Sorry hatte paar Connectionproblems...aber nun zum Hauptproblem

Ich hab mal wieder in meinem Archiv paar Klassiker ausgegraben, darunter befand sich auch MM2. Das Problem ist jetzt ich finde die Drehscheibe Mix´n´Mojo nicht mehr um den Kopierschutz zu bestätigen. Kann mir jemand einen Link oder eingescannte Teile der Scheibe schicken?
Um andere Lösungen zu unterbinden; NEIN ich möchte kein SCUMM installieren. Für alle anderen Lösungen bin ich sehr dankbar.

Mfg


----------



## LowriderRoxx (1. Mai 2010)

*AW: Drehscheibe für Monkey Island 2*

Hab ich vor ein paar Jahren online als Flash gesehen, konnte ich aber grad nicht finden. Also hab ich es einmal eingescannt: _entfernt_

Hoffe mal, dass die Quali für Ausdrucken + Ausschneiden ausreicht.

Edit: Ah, wer sagts denn: Link.

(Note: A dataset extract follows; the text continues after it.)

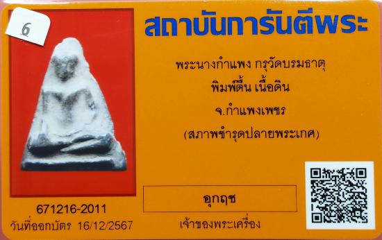 ชื่อพระเครื่อง พระนางกำแพง กรุวัดบรมธาตุ พิมพ์ตื้น เนื้อดิน จ.กำแพงเพชร พร้อมบัตรรับรองจากจีพระ

Hab dann mal den Download wieder entfernt.


----------



## Neawoulf (1. Mai 2010)

*AW: Drehscheibe für Monkey Island 2*

Nur so aus Neugier ... was spricht gegen Scumm VM? Ich hab mit dem Programm keine Probleme.

Einscannen wäre wohl nicht legal ... das Spiel mag alt sein, aber Freeware ist es nicht.


----------



## gasmos87 (1. Mai 2010)

*AW: Drehscheibe für Monkey Island 2*

Boah Danke... das ging ja mal wieder fix

Ich würde sagen hier kann man zu machen

*closed*


----------